Personal information
- Full name: Liam Picken
- Born: 1 August 1986 (age 40) Hamilton, Victoria, Australia
- Original team: Williamstown (VFL)
- Draft: No. 30, 2009 rookie draft
- Height: 185 cm (6 ft 1 in)
- Weight: 83 kg (183 lb)
- Position: Midfielder

Playing career^{1}
- Years: Club / Games (Goals)
- 2009–2019: Western Bulldogs / 198 (87)

International team honours
- Years: Team / Games (Goals)
- 2010: Australia / 2 (0)
- ^{1} Playing statistics correct to the end of 2019.^{2} Representative statistics correct as of 2010.

Career highlights
- AFL premiership player (2016); Western Bulldogs leading goalkicker (2017); Pre-season premiership player (2010); Gerry Callahan Medal (2008);

= Liam Picken =

Australian rules footballer (born 1986)

Liam Picken (born 1 August 1986) is a former Australian rules footballer who played for the Western Bulldogs in the Australian Football League (AFL) from 2009 to 2019. He is from the western Victorian town of Hamilton.

== Early playing career ==
Before being drafted he completed a pre-season with Collingwood and two with the Bulldogs. He played 63 games and kicked 45 goals with Williamstown from 2005 to 2008 and in 2008 he was the Williamstown Seagulls best and fairest player in the Victorian Football League (VFL), winning the Gerry Callahan Medal and earning a position on the Bulldogs rookie list. He played in a Seconds premiership side at Williamstown in 2005 and finished in third place in the Seconds best and fairest the same year. He was awarded the most consistent player in the seniors in 2007.

== AFL career ==
Picken made his debut against North Melbourne on 5 April 2009, collecting 9 possessions in a traditional tagging role against Kangaroos stalwart Brent Harvey, in which he kept his opponent goalless and largely ineffective.
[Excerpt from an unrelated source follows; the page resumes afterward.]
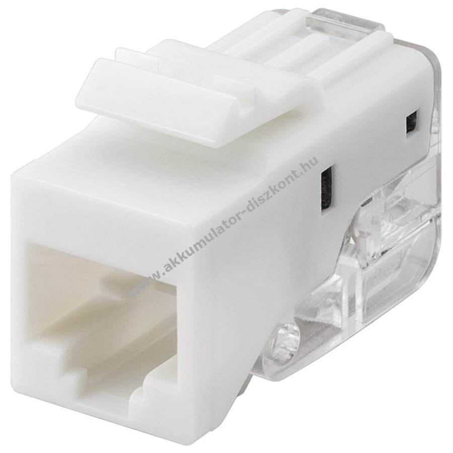 Keystone modul RJ45 aljzat CAT5e UTP 100MHz 8P8C 18,11mm széles Snap-In rendszer, robusztus ABS házzal, PoE+ (IEEE 802.3at) kompatibilis.

Following his debut, he played on other key players to great effect including Andrew McLeod, Leigh Montagna and Brett Deledio. He played on Deledio twice in 2009 and restricted the star player to just 16 and 13 disposals respectively, the only two times during the season that Deledio had fewer than 20 touches.

During a match against in 2013, Picken accidentally collided with goal umpire Courtney Lai in the third quarter, when he was attempting to smother a point-blank shot at goal by Michael Walters; the result was that Lai, a qualified doctor, suffered what was a self-diagnosed an ACL tear. Picken recalled the clash as being "an accident".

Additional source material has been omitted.